# PROVIDED DATA
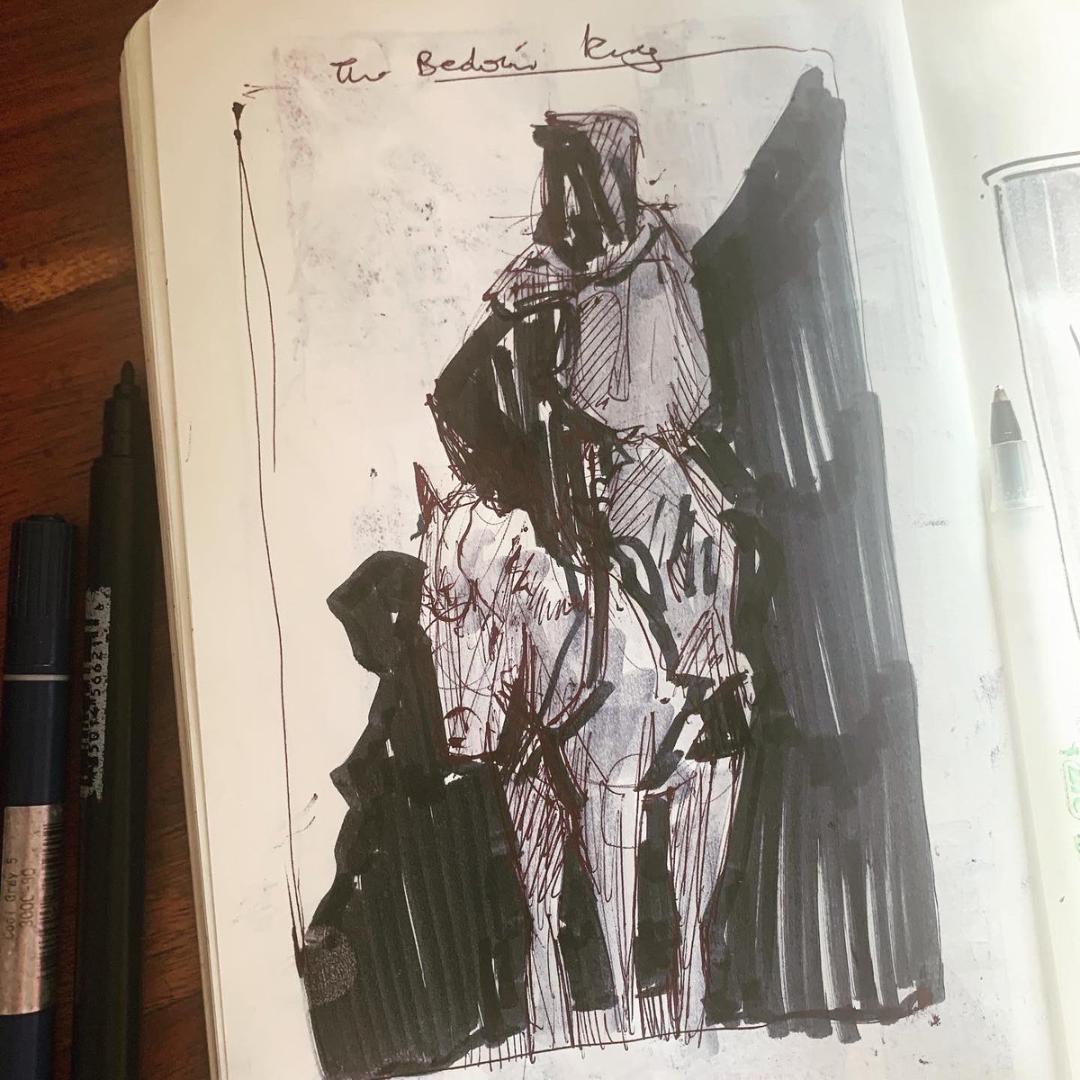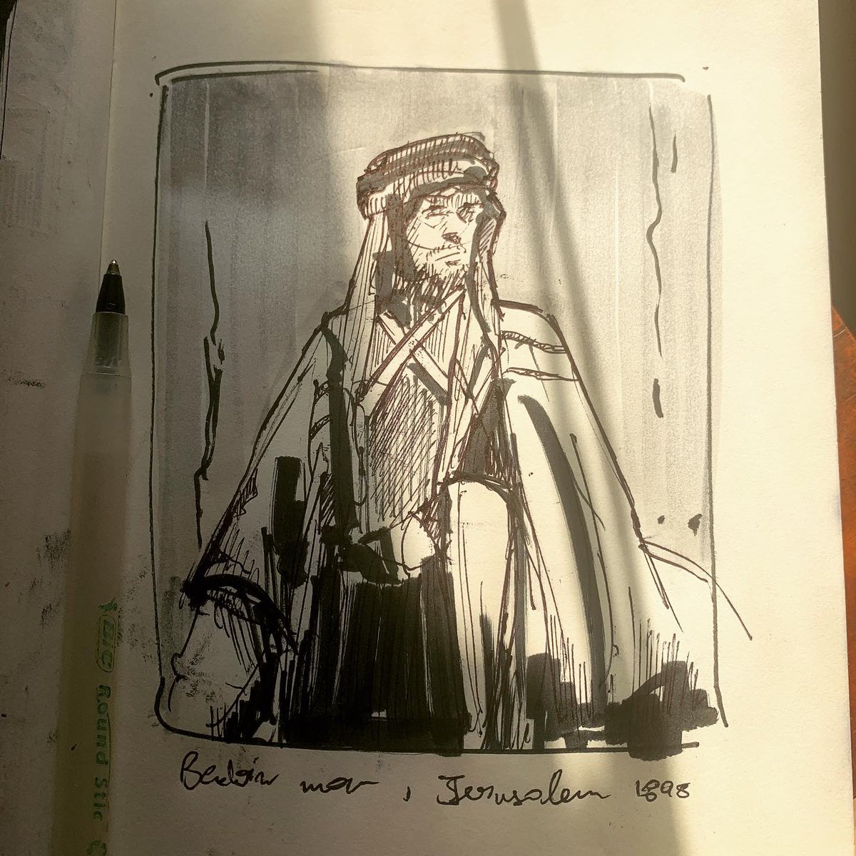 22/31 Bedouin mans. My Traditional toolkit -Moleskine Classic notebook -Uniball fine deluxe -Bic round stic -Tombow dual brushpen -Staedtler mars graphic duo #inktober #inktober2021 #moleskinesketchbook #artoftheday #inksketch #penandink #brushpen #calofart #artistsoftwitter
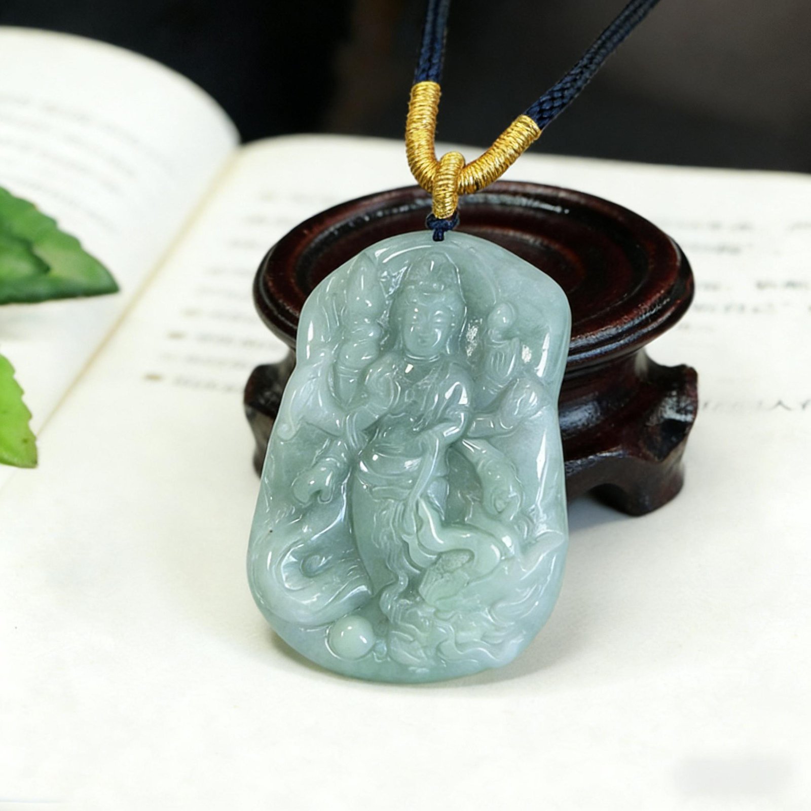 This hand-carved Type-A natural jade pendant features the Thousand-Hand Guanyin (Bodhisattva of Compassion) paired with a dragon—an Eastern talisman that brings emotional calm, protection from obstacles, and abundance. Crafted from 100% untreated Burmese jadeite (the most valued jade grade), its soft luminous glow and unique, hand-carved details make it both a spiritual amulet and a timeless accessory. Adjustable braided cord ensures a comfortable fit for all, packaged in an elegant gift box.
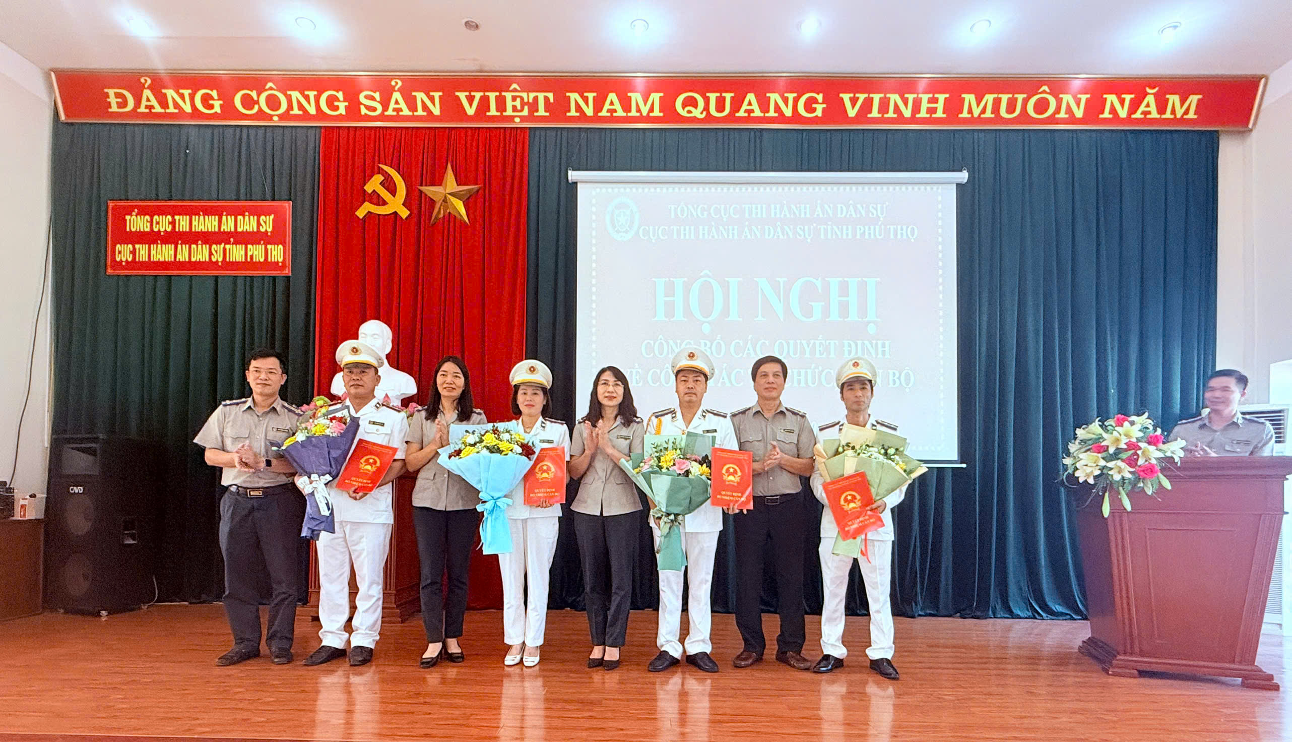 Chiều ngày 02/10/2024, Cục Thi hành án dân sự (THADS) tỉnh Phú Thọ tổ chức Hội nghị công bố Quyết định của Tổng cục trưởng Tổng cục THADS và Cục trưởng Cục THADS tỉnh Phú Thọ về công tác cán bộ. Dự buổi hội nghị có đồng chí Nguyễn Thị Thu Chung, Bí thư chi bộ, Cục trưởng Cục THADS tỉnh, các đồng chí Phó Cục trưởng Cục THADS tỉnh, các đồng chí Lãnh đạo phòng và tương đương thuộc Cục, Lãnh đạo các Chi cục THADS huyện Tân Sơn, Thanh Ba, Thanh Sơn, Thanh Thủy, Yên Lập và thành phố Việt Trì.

# WORK INSTRUCTIONS
The material is to be written out word for word, and the pictures are to be left out.

# YOUR SOLUTION
 22/31 Bedouin mans. My Traditional toolkit -Moleskine Classic notebook -Uniball fine deluxe -Bic round stic -Tombow dual brushpen -Staedtler mars graphic duo #inktober #inktober2021 #moleskinesketchbook #artoftheday #inksketch #penandink #brushpen #calofart #artistsoftwitter
 This hand-carved Type-A natural jade pendant features the Thousand-Hand Guanyin (Bodhisattva of Compassion) paired with a dragon—an Eastern talisman that brings emotional calm, protection from obstacles, and abundance. Crafted from 100% untreated Burmese jadeite (the most valued jade grade), its soft luminous glow and unique, hand-carved details make it both a spiritual amulet and a timeless accessory. Adjustable braided cord ensures a comfortable fit for all, packaged in an elegant gift box.
 Chiều ngày 02/10/2024, Cục Thi hành án dân sự (THADS) tỉnh Phú Thọ tổ chức Hội nghị công bố Quyết định của Tổng cục trưởng Tổng cục THADS và Cục trưởng Cục THADS tỉnh Phú Thọ về công tác cán bộ. Dự buổi hội nghị có đồng chí Nguyễn Thị Thu Chung, Bí thư chi bộ, Cục trưởng Cục THADS tỉnh, các đồng chí Phó Cục trưởng Cục THADS tỉnh, các đồng chí Lãnh đạo phòng và tương đương thuộc Cục, Lãnh đạo các Chi cục THADS huyện Tân Sơn, Thanh Ba, Thanh Sơn, Thanh Thủy, Yên Lập và thành phố Việt Trì.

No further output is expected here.